D’ailleurs, l’augmentation du prix du PG a déjà été traduite pour le consommateur. Par exemple, Bobble a décidé de répercuter cette augmentation des prix sur ses bases neutres mais va essayer de la limiter à ce produit uniquement, en maintenant les prix des autres produits. 

Olivier Martzel, directeur général du Groupe Gaïatrend

L’une des forces de notre société c’est d’avoir la capacité à acheter du stock d’avance.

Chez Gaïatrend, l’ambiance est sereine, car moins concernée par le DIY et dotée d’une grande capacité de stockage. « L’une des forces de notre société c’est d’avoir la capacité à acheter du stock d’avance. Nous avons toujours 50 à 60 tonnes de PG sur site. Nous ne devrions pas tomber en rupture, rassure Olivier Martzel. Si le tarif du PG reste stable, nous avons décidé de ne pas augmenter le tarif des liquides prêts à vaper ».

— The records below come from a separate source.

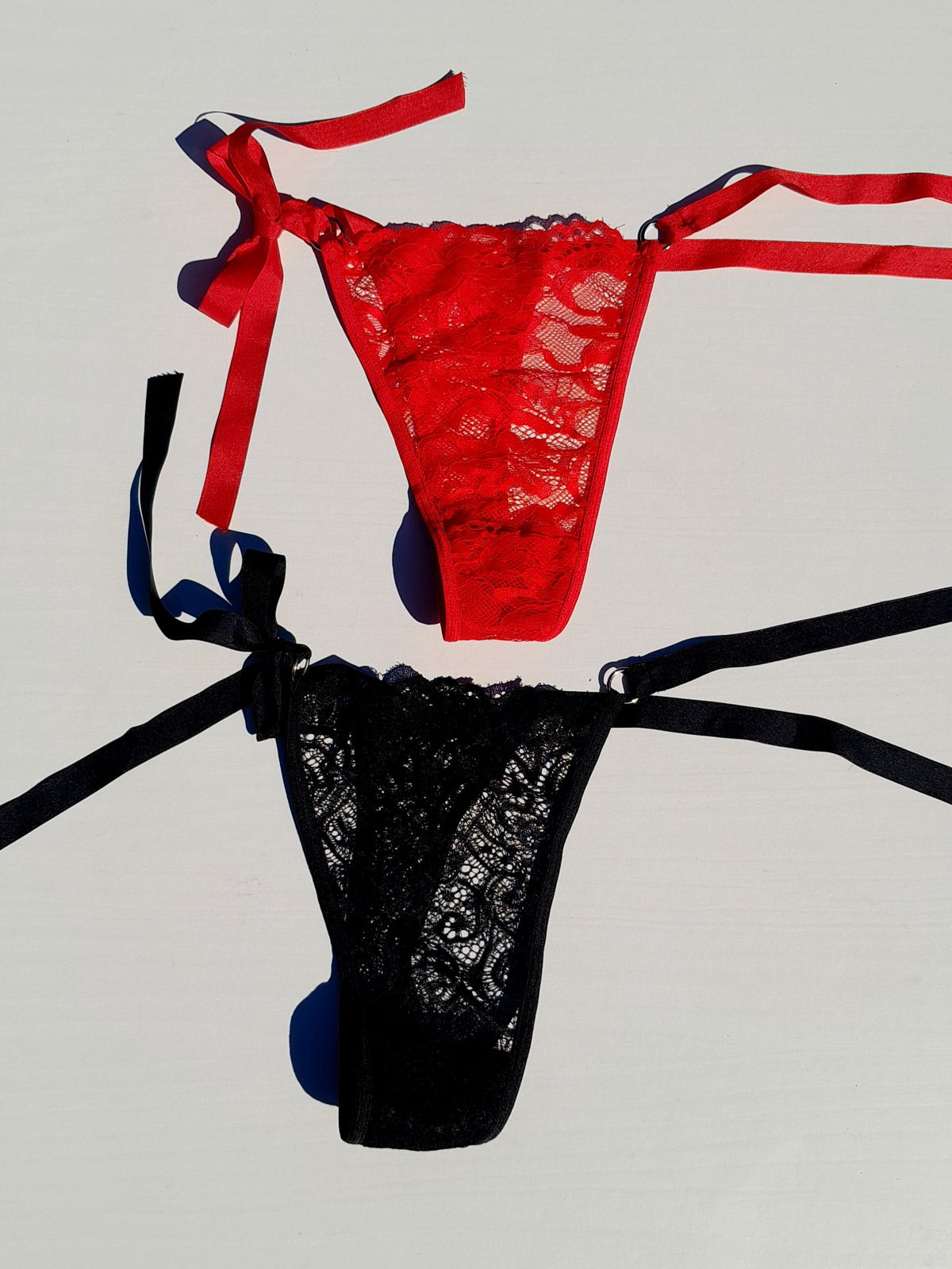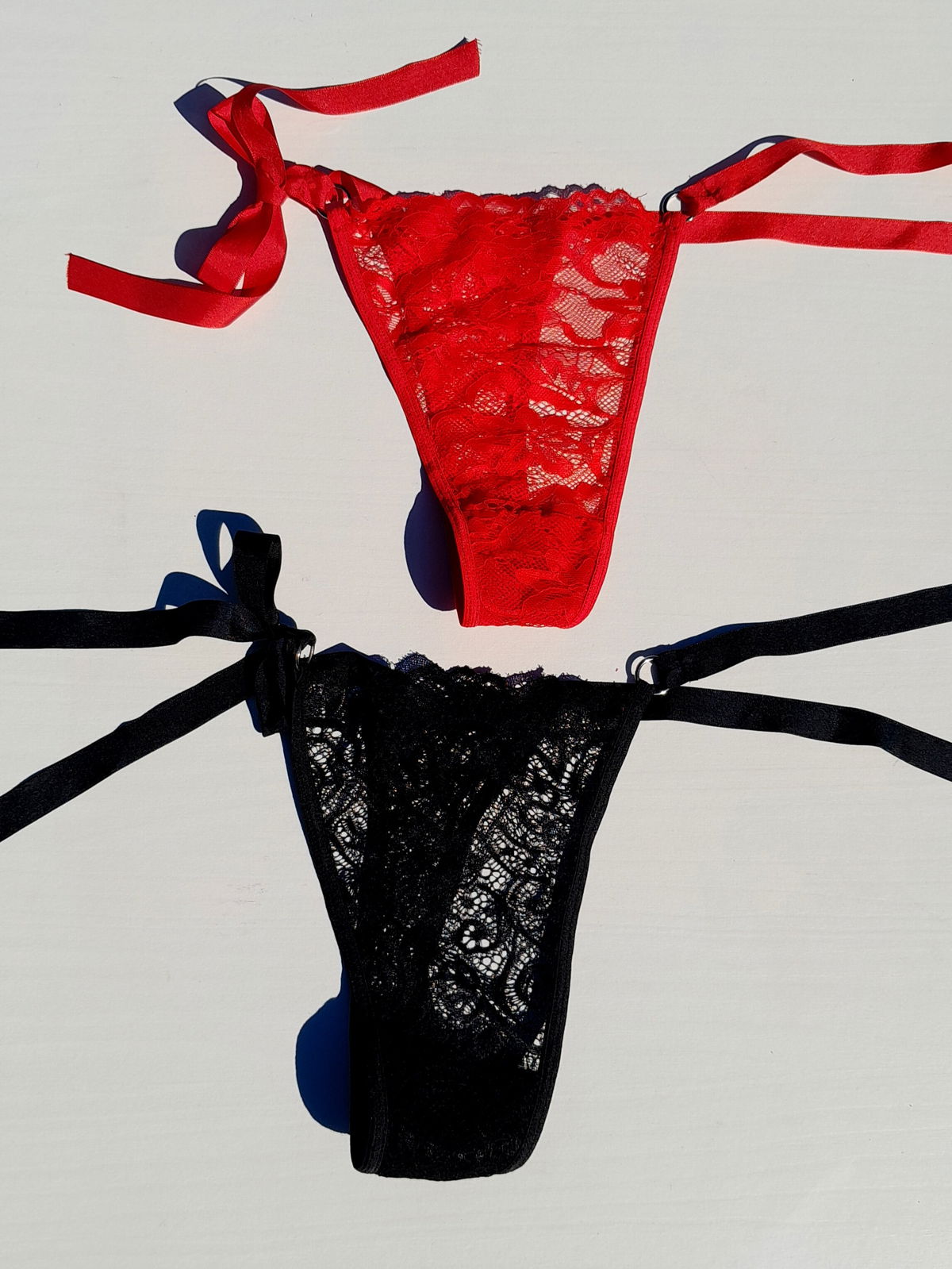 Tanga de encaje con tiras para atar.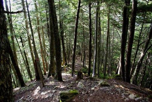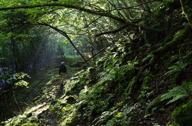 忘れられず、夏山は沢の水で顔を洗うのが楽しみの一つだ。夕日の斜光が射す苔むした森もまた良い感じである。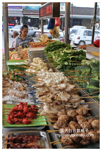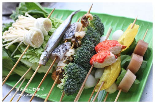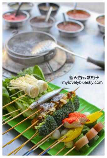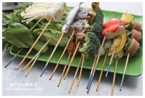 一般上,把蔬菜、海鲜或者肉类串起来,然后一串串放进热锅里烫煮,串串食物熟了,沾上酱汁,吃进嘴里。通常吃乐乐多数都在路边摊。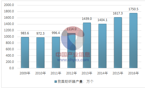 目前中国是全球最大的助听器产品生产国,2009年我国助听器行业总产量为983.6万个,到2016年行业总产量增长至1750.5万个。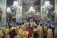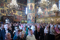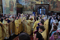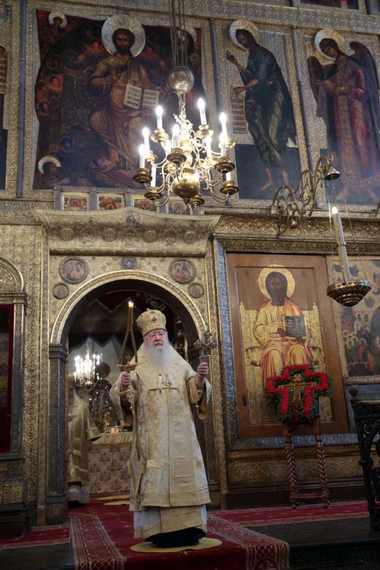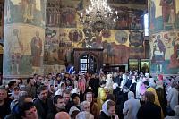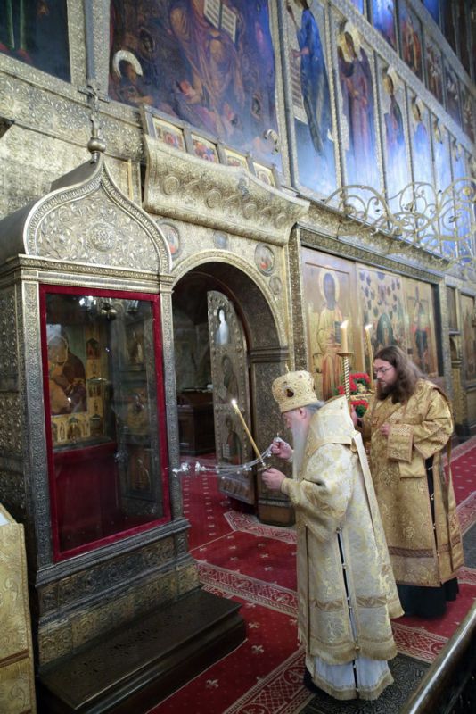 Мы сегодня продолжаем празднование Воздвижения Креста Господня. Воспеваем страдания Христовы и воскресение Его, потому что это смысл нашей христианской жизни: совершая земное поприще, мы готовим себя ко всеобщему воскресению и в надежде на Божие милосердие к нам в Царствии Небесном. В 1406 году скончался святитель Киприан, 30 лет связанный с Русской Православной Церковью, управляя ею в сложные времена истории нашей земли. Но никакие трудности не помешали ему — его благочестию, его ревности о Господе. В этот первосвятительский период много было сделано для просвещения, для строительства храмов и монастырей. Его цельбоносные мощи, почивающие рядом с его приемником — святителем Фотием, напоминают нам, что и сегодня он наш небесный покровитель и предстатель пред Господом и Спасителем нашим. И сегодня еще мы отмечаем среди множества святых память святой мученицы Людмилы Чешской. Многие из вас находящихся сегодня в храме носят это святое имя и причастились святых Христовых Таин. Я горячо и сердечно поздравляю вас с этим праздником — днем ангела, с принятием святых Христовых Таин, как и всех, кто сегодня сподобился этого Таинства.

D’autres liquidiers, comme Fuu, mettent temporairement en pause la fabrication de base d’un litre pour le DIY. « Parce que je ne peux pas prendre le risque de vendre un produit pas assez cher pour utiliser mes ressources de PG dans mes liquides nicotinés pendant l’intervalle où je négocie avec les fournisseurs, pour me laisser le temps d’avoir de la visibilité économique », assure Jean Moiroud.

La crise, jusqu’à quand ?

Logiquement, plus la crise sera longue plus la répercussion de l’explosion du prix du PG sur les produits finis sera forte. Du côté de Fuu, les fournisseurs ont laissé entendre un retour à la normale en juin. « Maintenant, je ne sais pas dans quelle mesure ils vont chercher à profiter de la situation. Et je n’ai aucune raison de croire cette information plus qu’une autre », modère le liquidier parisien. Du côté de VDLV, la tendance est plus pessimiste avec une potentielle baisse vers l’automne. « Mais le prix de cette molécule peut aussi continuer de se maintenir, voire de poursuivre son augmentation tarifaire », déplore Charly Pairaud.

Néanmoins, il y a quelques raisons d’espérer avec le retour à la normale de la situation au Texas « et le redémarrage d’une usine de fabrication de PG en Allemagne, qui avait été reporté à cause de la crise de la Covid », espère Jean Moiroud.

Yoan Uzan, directeur général de Savourea

On peut aussi commencer à travailler sur des produits de substitution.

Les solutions pour amortir les effets

Pour tenter de maintenir les mêmes prix publics dans un secteur déjà fragilisé par les crises successives depuis bientôt deux ans, les liquidiers français ont quelques pistes et chacun a sa recette. Pour Savourea, il faut « essayer de stocker de la matière première ‘disponible’. Même avec ce surcoût lié aux achats et au stockage, on peut aussi commencer à travailler sur des produits de substitution et espérer que cette crise soit temporaire », sourit Yoan Uzan.

Du côté de Cestas, VDLV va sécuriser au mieux ses approvisionnements. La société pense aussi que des recettes avec un ratio de VG plus important devraient voir le jour. « Mais je rappelle que les recettes nicotinées actuelles sont soumises à notification avec un délai de 6 mois. De plus, on sait aussi que les mix avec plus de VG ne présentent pas des conditions optimales de vaporisation avec du matériel standard », prévient Charly Pairaud.

En Alsace, Gaïatrend va augmenter la capacité de stockage pour éviter toute rupture de PG et « ainsi garantir une livraison de l’ensemble de notre gamme », assure Olivier Martzel.

Enfin, Fabrice Groret, le président de Bobble, veut « tenir le temps de la crise » en prenant sur eux cette augmentation et sans la faire subir à leurs clients, « qui, nous le savons, ont bien suffisamment de difficultés à surmonter sans en plus devoir payer plus cher leurs achats ». Effectivement, les vapoteurs et la population en général ont connu des périodes plus joyeuses.